In more traditional databases (small herd), people will see and clean some data, but most raw Big Data is not even eyeballed because there is simply too much of it (large herd). The lack of quality has to be huge and/or concentrated to be seen in the volume of data.

Even worse, the data is often generated from automated machinery without any human intervention. Hopefully, the data generation is cleaning the data as it goes. But one of the rules of systemantics is that fail-safe systems fail by failing to fail safely (Gall, 1977).

In fairness to Big Data, you should not assume that “traditional data” has been following best practices either. I will argue that good data practices still apply, but that they have to be adapted to the Big Data model.

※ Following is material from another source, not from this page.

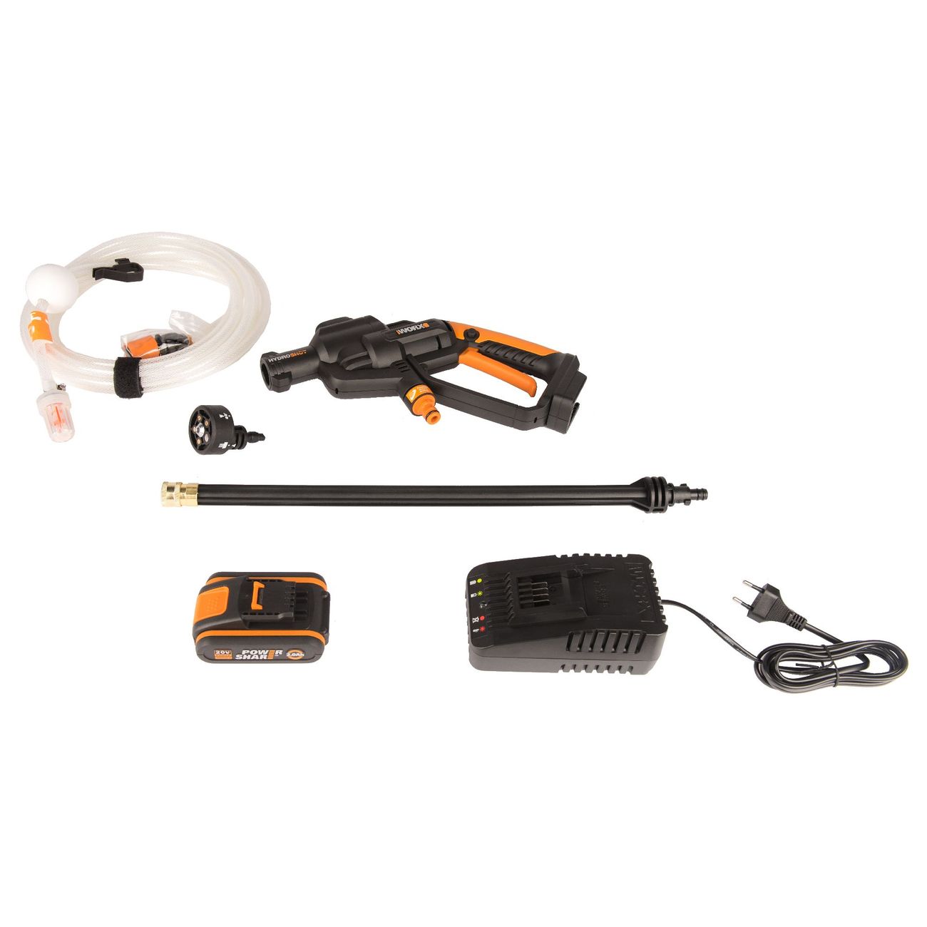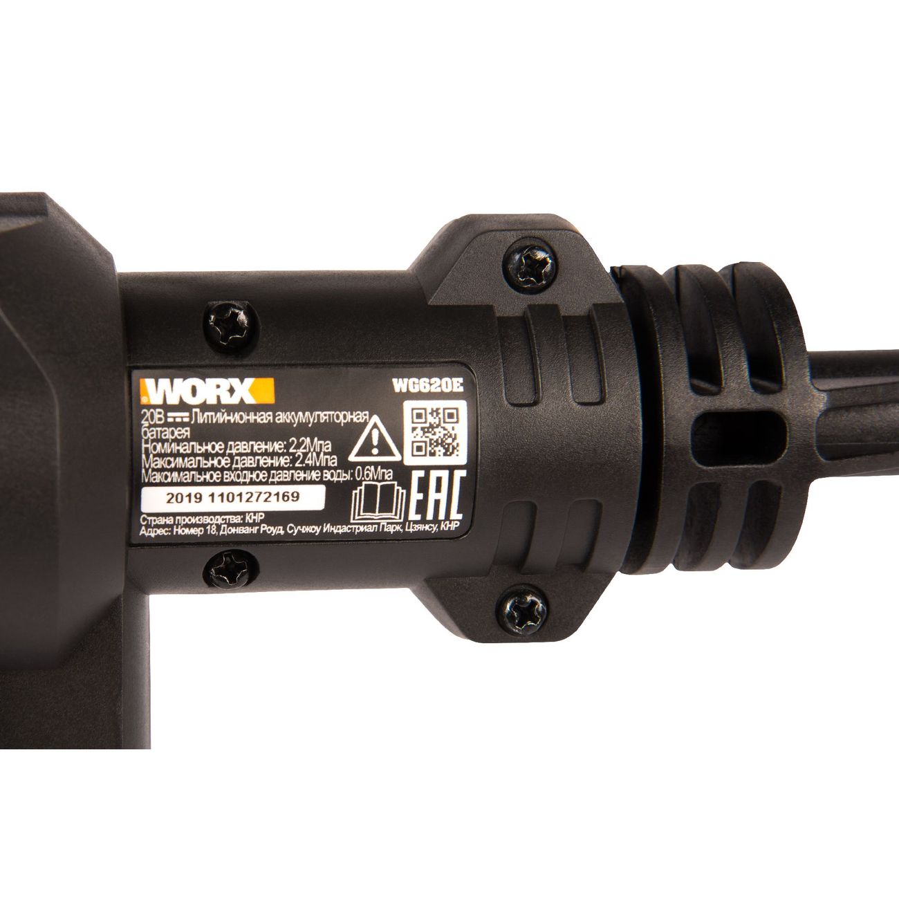 Worx WG620E — мойка высокого давления с максимальной мощностью 24 бар. В модели установлен бесщеточный двигатель. Функция самовсасывания обеспечивает забор воды из любого источника, в том числе из крана, ведра или водоема.
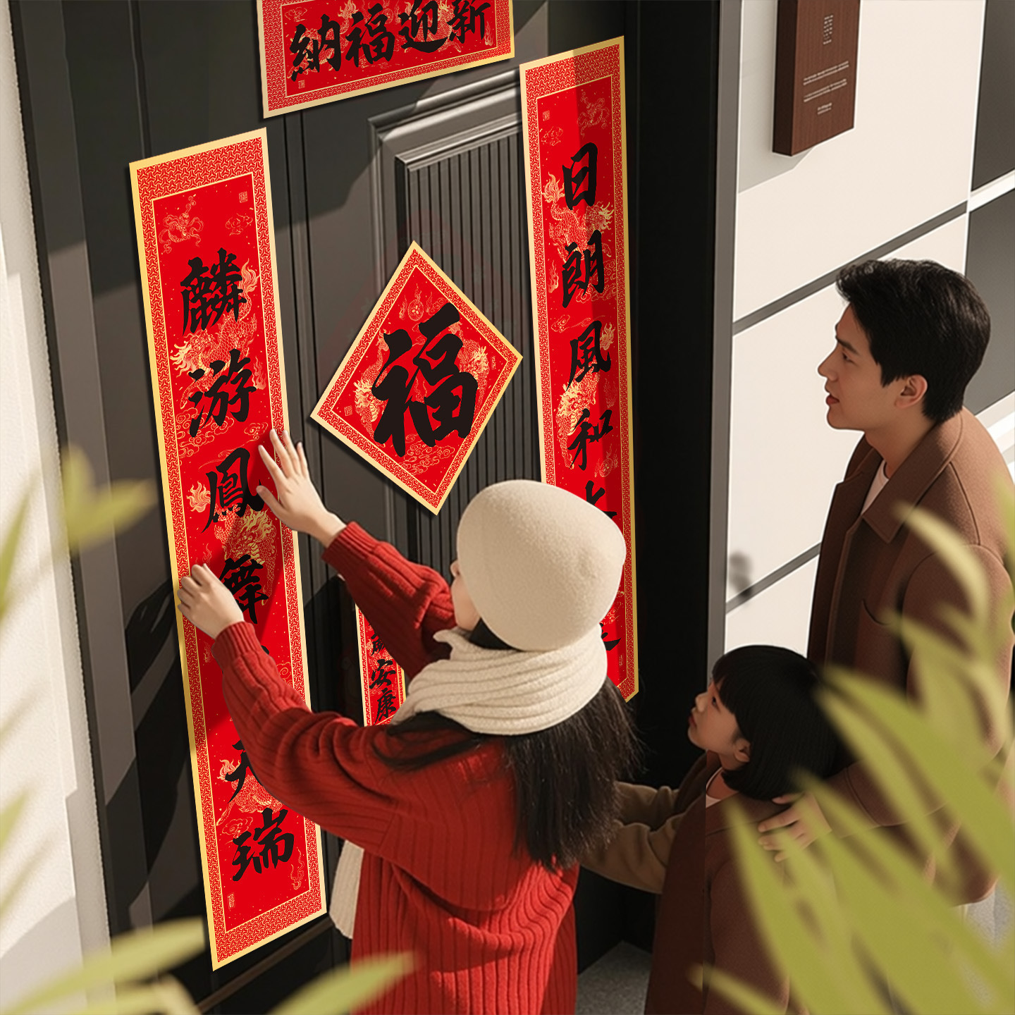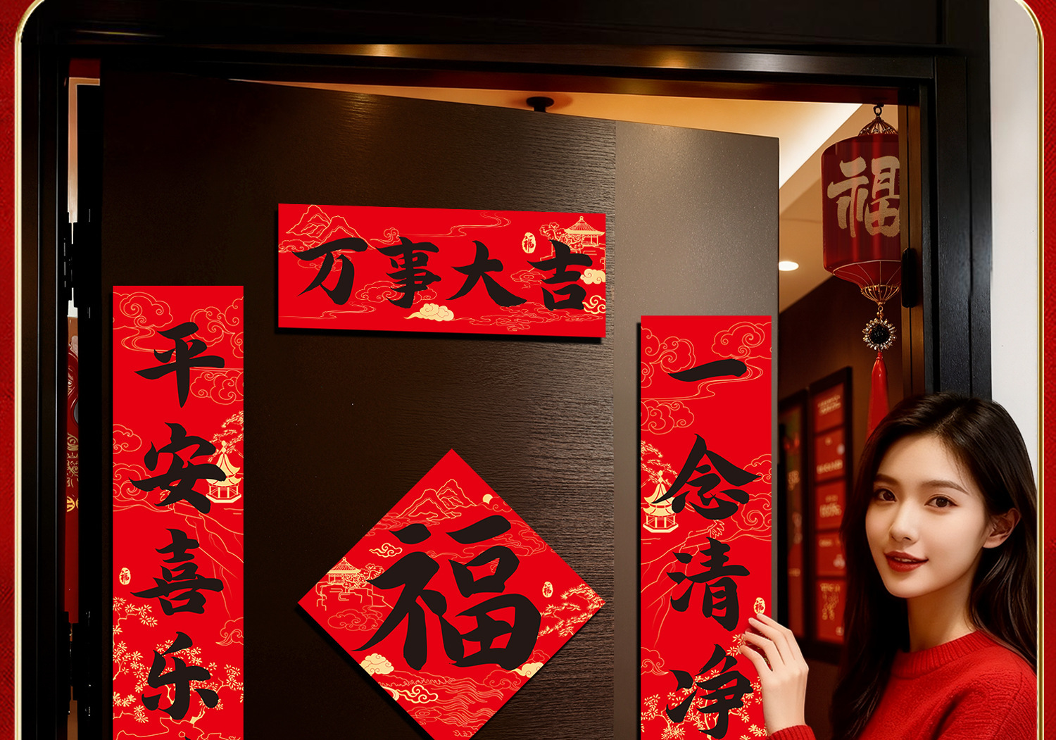 2026新款马年对联春节家用门贴福字新年创意高档装饰纸质书法春联

9.1 Objections to Big Data and the Cloud

“Nothing is more difficult than to introduce a new order, because the innovator has for enemies all those who have done well under the old conditions and lukewarm defenders in those who may do well under the new.” —Niccolo Machiavelli

Old Nick was right, as usual. As with any new IT meme, there are objections to it. The objections are usually valid. We have an investment in the old equipment and want to milk it for everything we can get out of it. But more than that, our mindset is comfortable with the old terms, old abstractions, and known procedures. The classic list of objections is outlined in the following sections.

9.1.1 Cloud Computing Is a Fad

Of course it is a fad! Everything in IT starts as a fad: structured programming, RDBMS, data warehouses, and so on. The trick is to filter the hype from the good parts. While Dilbert’s pointy-haired boss thinks that “If we accept Big Data into our servers, we will be saved from bankruptcy! Let us pay!,” you might want to be more rational.

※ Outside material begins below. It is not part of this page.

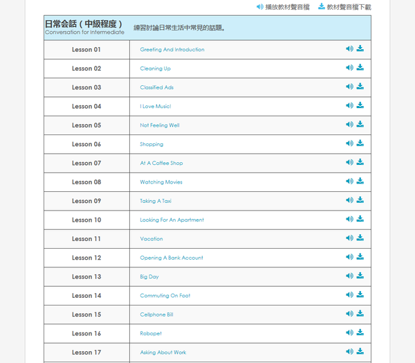 教材內容之豐富只能讓蟻爸用目瞪口呆來形容。就拿基本的日常會話來說,大概就有70篇教材可以選擇,有最基本的Greeting and introduction,或是搭車Take a taxi, vacation...etc. 大部分除了PDF可供下載之外,還有錄音檔也可以下載到電腦反覆聽呢!
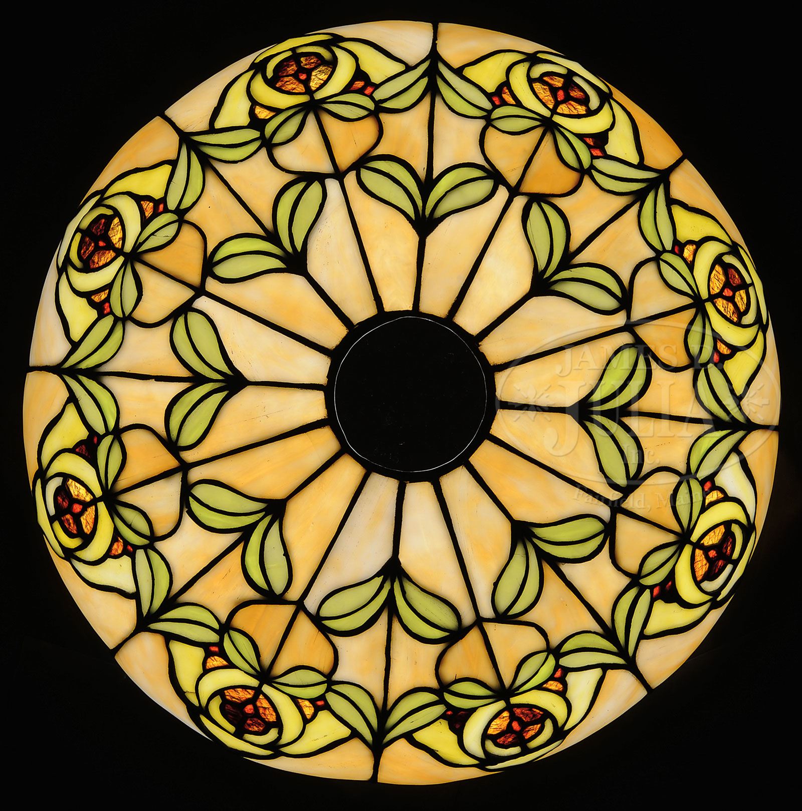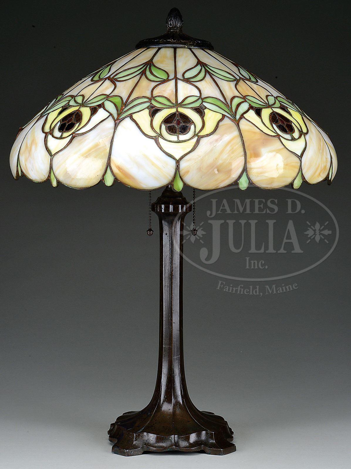 WHALEY LEADED TABLE LAMP.Whaley leaded shade has eight caramel slag panels each containing a large stylized flower and stylized leaves in red, yellow and green glass. The bottom of each caramel background are bent panels creating an irregular border. Unsigned. The shade rests on an original Whaley base with vertically ribbed foot & stem, 2-socket cluster and large open heat cap. Unsigned. SIZE: Shade: 20″ dia. Lamp: 26″ t. CONDITION: Shade is very good to excellent with very few, if any, tight hairlines. Base is very good with some wear and discoloration to patina. The base has a small hole in the side of the foot which has a foundry flaw. Under plate on the base is missing. 5-69373 (2,000-2,500) – Lot 3187

If so, it is a very popular fad. Your online banking, Amazon purchases, social media, eBay, or email are already in a cloud for you. Apple and Google have been keen to embrace cloud computing, affirming the idea that this is a technology revolution with longevity. Cloud computing is a developing trend, not a passing trend.

9.1.2 Cloud Computing Is Not as Secure as In-house Data Servers

This is true for some shops. I did defense contract work in the Cold War era when we had lots of security in the hardware and the software. But very few of us have armed military personnel watching our disk drives. Most shops do not use encryption on everything. High security is a very different world.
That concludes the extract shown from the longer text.